The $\partial f$ in the numerator of $\dfrac{\partial f}{\partial t},$ represents the change in $f$ attributed to the change in $t.$
The $\partial f$ in the numerator of $\dfrac{\partial f}{\partial x}$ represents the change in $f$ attributed to the change in $x.$
The $\partial f$ in the numerator of $\dfrac{\partial f}{\partial y}$ represents the change in $f$ attributed to the change in $y.$

But in single-variable calculus, you’re working exclusively with functions that have only one input variable.
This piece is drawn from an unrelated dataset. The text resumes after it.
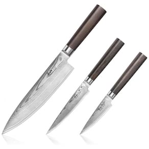 Forjado a partir de 67 camadas de X 7 Damascus Steel, propriedade da Cangshan. Cada lâmina passa pelo tratamento térmico ULTRA6 proprietário da Cangshan, garantindo que cada lâmina mantenha sua força e função. Afiada à mão em um ângulo de 16 graus com uma classificação de dureza Rockwell de 60 , 2, a série HAKU é incrivelmente afiada com excepcional retenção de borda Marca: Não Informado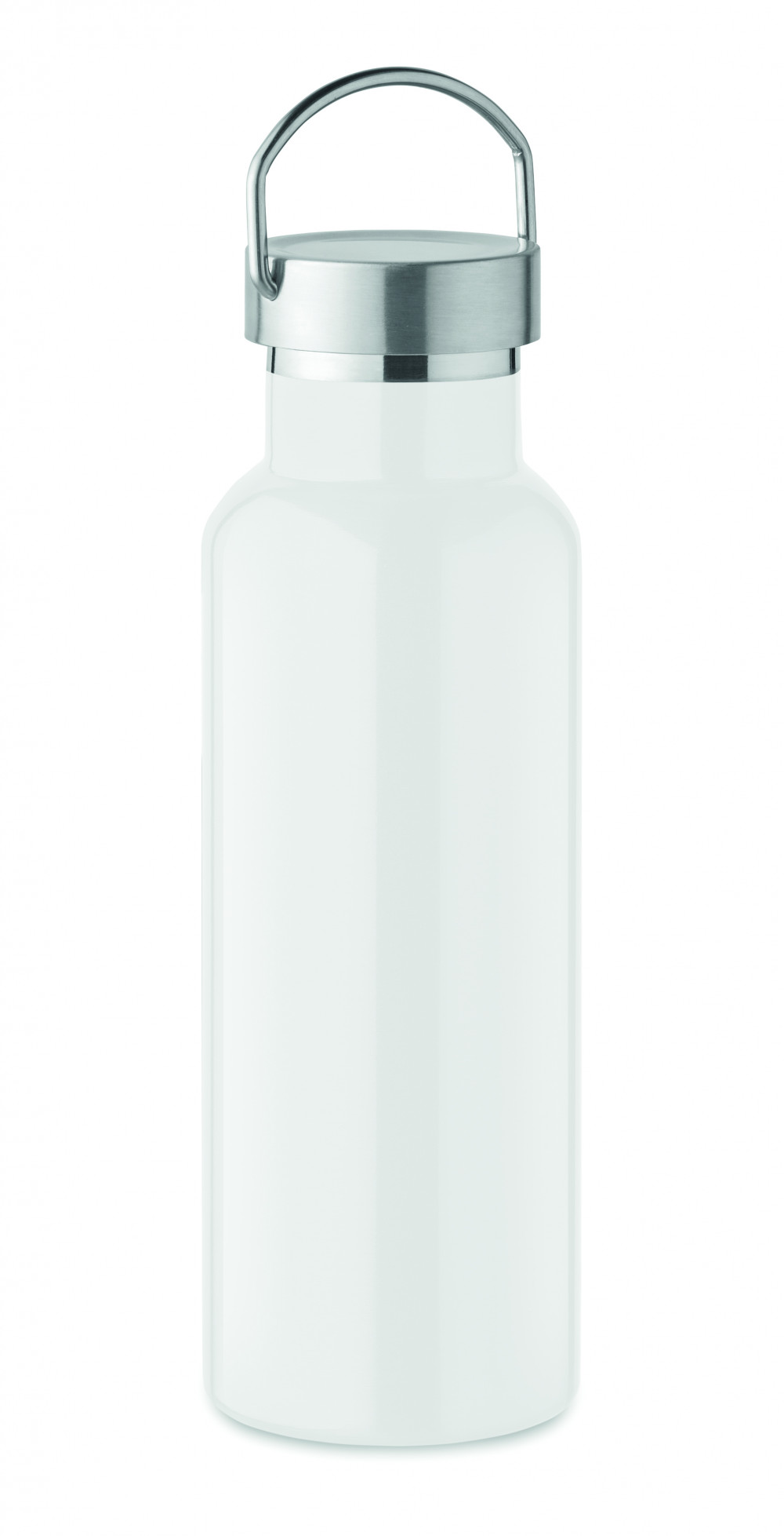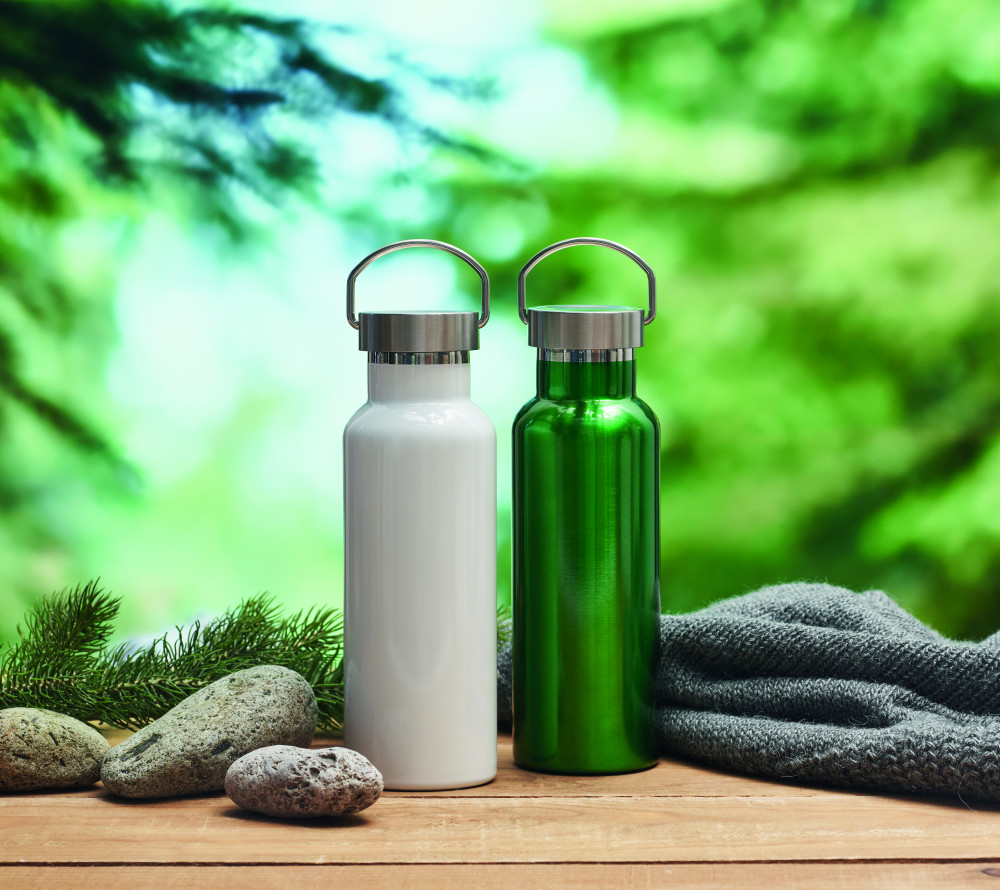 Duplafalú termoszpalack újrahasznosított rozsdamentes acélból (90% újrahasznosított rozsdamentes acél és 10% rozsdamentes acél), fogantyúval ellátott fedéllel. Szivárgásmentes. Űrtartalom: 500 ml.

And if you have a function $f(x)$ where $x=x(t)$ is itself a function of a parameter $t,$ then it’s true that

$$\begin{align*} \dfrac{\partial f}{\partial t} = \dfrac{\partial f}{\partial x} \cdot \dfrac{\partial x}{\partial t}. \end{align*}$$

The above is conventionally written with “total” derivative symbols ($\mathrm d$ means “total”, $\partial$ means “partial”) since the change attributed to the single variable is the same as the total change of the function.

$$\begin{align*} \dfrac{\mathrm df}{\mathrm dt} = \dfrac{\mathrm df}{\mathrm dx} \cdot \dfrac{\mathrm dx}{\mathrm dt} \end{align*}$$

So in general, you can manipulate total derivatives ($\mathrm d$) like fractions, but you can’t do the same with partial derivatives ($\partial$).

$$\begin{align*} \require{cancel} \textrm{valid:} \quad &\dfrac{\mathrm df}{\mathrm dt} = \dfrac{\mathrm df}{\cancel{\mathrm dx}} \cdot \dfrac{\cancel{\mathrm dx}}{\mathrm dt} \quad {\color{green}\checkmark} \\[5pt] \textrm{NOT valid:} \quad &\dfrac{\partial f}{\partial t} = \dfrac{\partial f}{\cancel{\partial x}} \cdot \dfrac{\cancel{\partial x}}{\partial t} \quad {\color{red}\times} \end{align*}$$